■ What this task involves:
Repeat the listing exactly. Any picture in it should be left out of the copy.

■ Raw data:
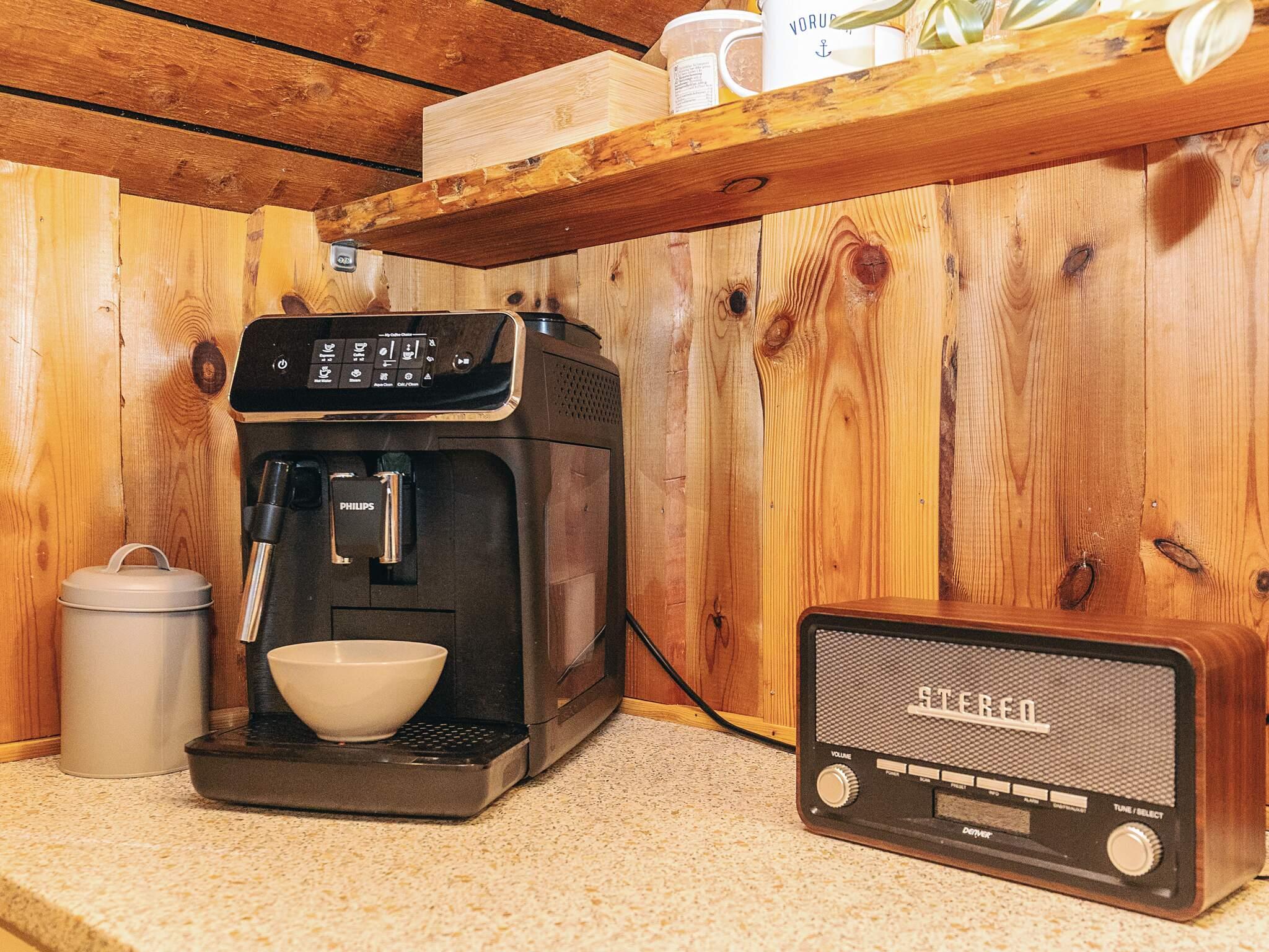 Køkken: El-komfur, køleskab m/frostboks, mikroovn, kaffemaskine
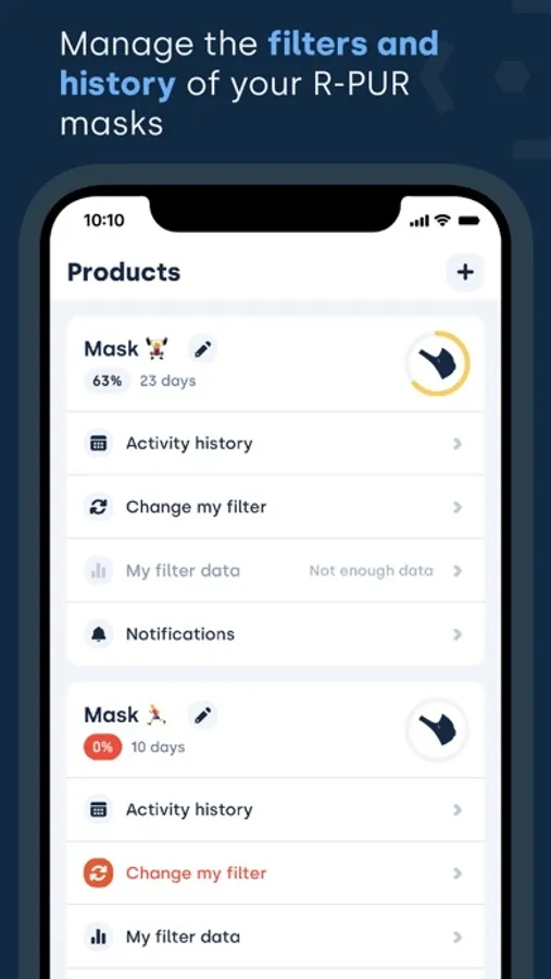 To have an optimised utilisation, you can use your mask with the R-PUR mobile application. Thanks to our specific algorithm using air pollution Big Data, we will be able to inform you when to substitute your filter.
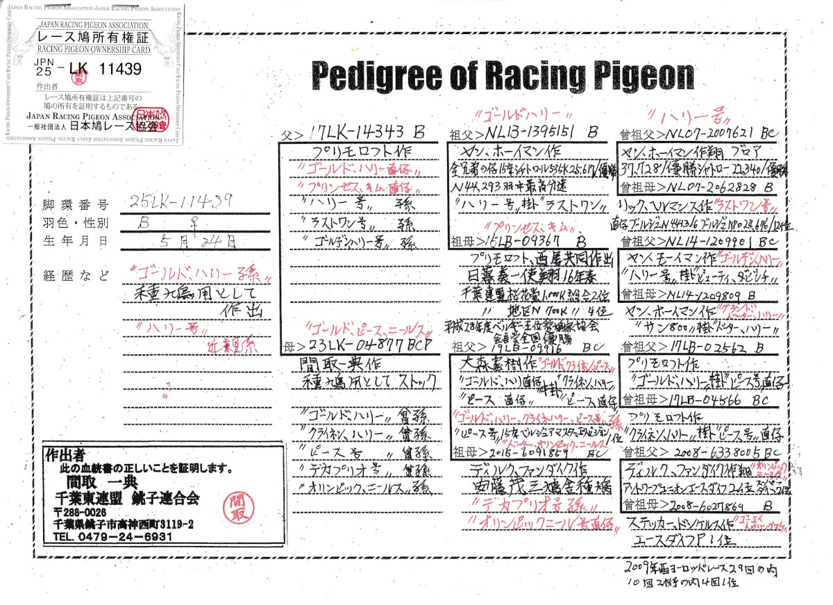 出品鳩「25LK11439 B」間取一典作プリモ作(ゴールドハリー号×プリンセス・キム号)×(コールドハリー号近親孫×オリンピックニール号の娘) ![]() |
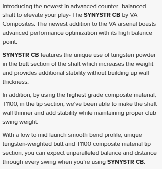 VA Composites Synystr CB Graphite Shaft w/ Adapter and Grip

■ Completed task:
 Køkken: El-komfur, køleskab m/frostboks, mikroovn, kaffemaskine
 To have an optimised utilisation, you can use your mask with the R-PUR mobile application. Thanks to our specific algorithm using air pollution Big Data, we will be able to inform you when to substitute your filter.
 出品鳩「25LK11439 B」間取一典作プリモ作(ゴールドハリー号×プリンセス・キム号)×(コールドハリー号近親孫×オリンピックニール号の娘) ![]() |
 VA Composites Synystr CB Graphite Shaft w/ Adapter and Grip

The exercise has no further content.